Nefes arkadaşına daima “öfleme, üfle” diyor. Çocukların çoğunlukla öfleyip püflediklerini düşünürsek, bu çok yaratıcı bir kanal olmuş. Bunu bize biraz açar mısınız?

Bu kısmı belki biraz Rüzgâr’dan bahsederek açabiliriz. Rüzgâr hareketten hoşlanıyor ve arkasında rüzgâr bırakacağı şeyleri yapmayı seviyor: Koşuyor, scooter’a biniyor, bisiklet sürüyor, henüz bilmiyoruz amaokula başlayınca da merdivenleri kesin tırabzandan kayarak inecektir. Nefes’le arkadaşlıklarının başlamasıyla birlikte Rüzgâr nefes nefese kaldığı anlarda durup soluklanmayı hatırlıyor. Dinginliğin de bedenine iyi geldiğini deneyimleyerek fark ediyor.
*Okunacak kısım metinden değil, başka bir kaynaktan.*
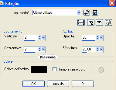 Effetti>Effetti 3D>Sfalsa ombra, con i seguenti settaggi: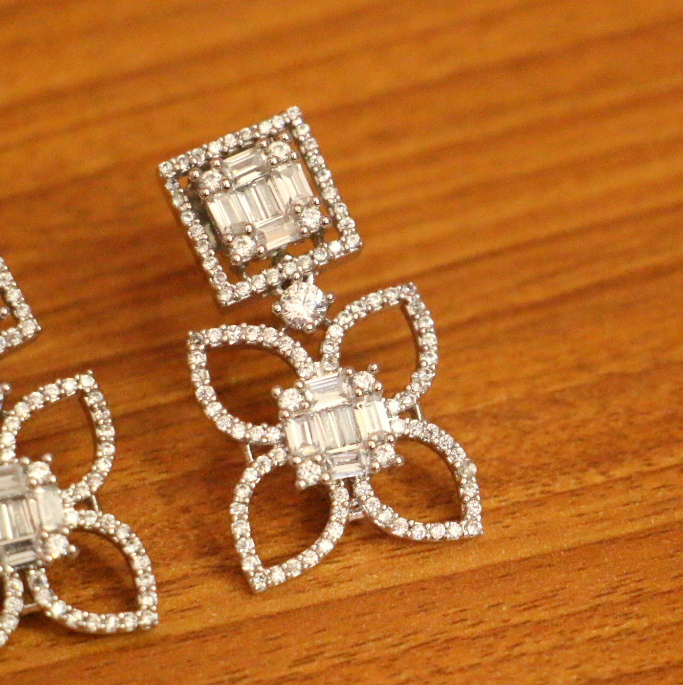 CZ STUDDED WHITE RHODIUM PLATED DANGLERS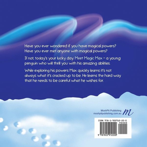 Have you ever wondered if you have magical powers? Have you ever met anyone with magical powers? If not, today's your lucky day. Meet Magic Max - a young penguin who will thrill you with his amazing abilities. Exploring his powers Max quickly learns it's not always what it's cracked up to be. He learns the hard way that he needs to be careful what he wishes for.

Rüzgâr’ın tadının kaçık olduğu günlerde Nefes en iyi bildiği şeyi Rüzgâr’a da öneriyor ve ona üflemesi için bir püf çiçeği uzatıyor. Bunu da “öfleme, üfle” diyerek yapıyor. Oyun oynamak, kutlama yapmak, gürültü yapmak için kullandıkları “nefes”i bu kez iç dengeyi kurmak, zor bir duygunun içinden geçmek için kullanıyorlar.

Püf Çiçeğim de dahil, diğer tüm kitaplarınızın sonunda mutlaka çocukları düşünmeye iten bir aktivite var. Yazarlığınızda bu tekniği benimsemenizin özel bir sebebi var mı?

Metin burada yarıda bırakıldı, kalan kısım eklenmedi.